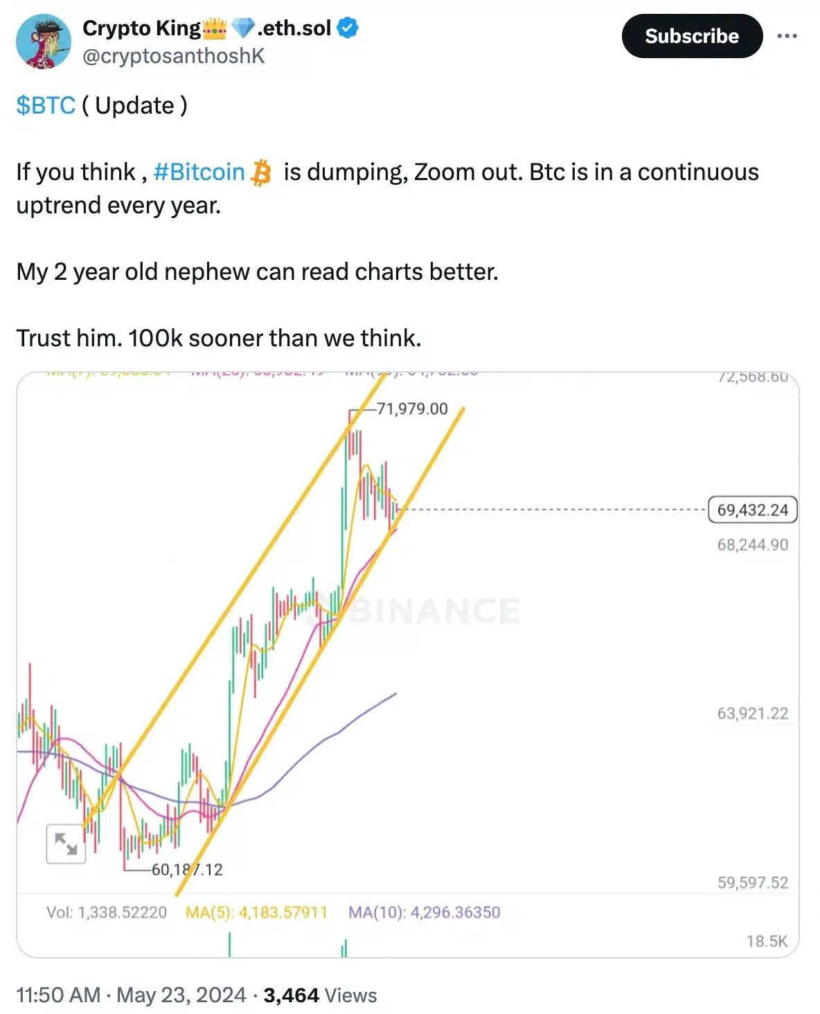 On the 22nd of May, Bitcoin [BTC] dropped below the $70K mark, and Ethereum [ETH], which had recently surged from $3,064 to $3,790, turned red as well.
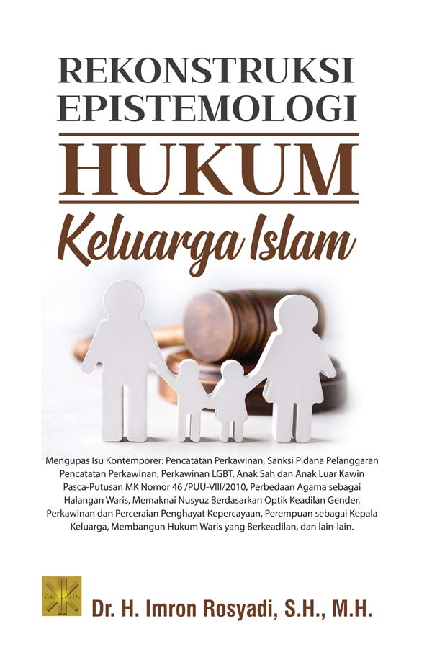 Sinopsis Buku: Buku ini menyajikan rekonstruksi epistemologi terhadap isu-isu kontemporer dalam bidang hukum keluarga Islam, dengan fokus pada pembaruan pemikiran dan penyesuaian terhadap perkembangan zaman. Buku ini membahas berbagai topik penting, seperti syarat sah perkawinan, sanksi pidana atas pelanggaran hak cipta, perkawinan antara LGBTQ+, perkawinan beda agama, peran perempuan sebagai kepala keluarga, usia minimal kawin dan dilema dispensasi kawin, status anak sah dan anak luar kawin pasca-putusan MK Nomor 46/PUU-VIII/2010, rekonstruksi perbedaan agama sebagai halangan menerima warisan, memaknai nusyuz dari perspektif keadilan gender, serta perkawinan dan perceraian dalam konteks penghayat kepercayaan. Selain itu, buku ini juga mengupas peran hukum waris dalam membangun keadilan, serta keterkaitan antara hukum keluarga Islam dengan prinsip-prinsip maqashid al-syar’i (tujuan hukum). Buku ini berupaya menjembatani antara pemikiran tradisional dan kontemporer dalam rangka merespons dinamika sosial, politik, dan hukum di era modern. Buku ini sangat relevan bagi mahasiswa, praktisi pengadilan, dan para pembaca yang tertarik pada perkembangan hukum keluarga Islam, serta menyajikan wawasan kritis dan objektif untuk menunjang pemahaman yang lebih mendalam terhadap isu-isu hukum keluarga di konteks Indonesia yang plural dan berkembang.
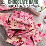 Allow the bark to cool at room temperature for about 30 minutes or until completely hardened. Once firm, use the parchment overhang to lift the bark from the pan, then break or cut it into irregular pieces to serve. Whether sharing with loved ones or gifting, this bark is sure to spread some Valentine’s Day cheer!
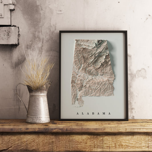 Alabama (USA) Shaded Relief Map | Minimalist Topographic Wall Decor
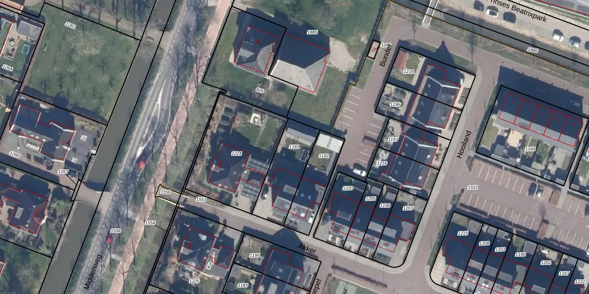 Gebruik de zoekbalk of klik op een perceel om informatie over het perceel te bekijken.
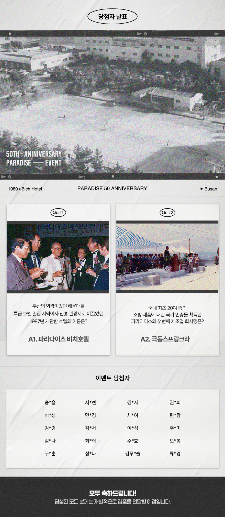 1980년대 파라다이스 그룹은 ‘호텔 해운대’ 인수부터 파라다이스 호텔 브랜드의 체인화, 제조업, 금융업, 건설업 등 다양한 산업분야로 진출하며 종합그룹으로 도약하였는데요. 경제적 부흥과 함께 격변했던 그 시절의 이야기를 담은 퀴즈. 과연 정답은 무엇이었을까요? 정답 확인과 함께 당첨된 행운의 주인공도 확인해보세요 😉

TASK ITEM
All that belongs in the answer is the exact run of lines from the line containing "Alabama (USA) Shaded" to the end of the listing above, pictures removed.

RESULT FOR THIS EXERCISE
 Alabama (USA) Shaded Relief Map | Minimalist Topographic Wall Decor
 Gebruik de zoekbalk of klik op een perceel om informatie over het perceel te bekijken.
 1980년대 파라다이스 그룹은 ‘호텔 해운대’ 인수부터 파라다이스 호텔 브랜드의 체인화, 제조업, 금융업, 건설업 등 다양한 산업분야로 진출하며 종합그룹으로 도약하였는데요. 경제적 부흥과 함께 격변했던 그 시절의 이야기를 담은 퀴즈. 과연 정답은 무엇이었을까요? 정답 확인과 함께 당첨된 행운의 주인공도 확인해보세요 😉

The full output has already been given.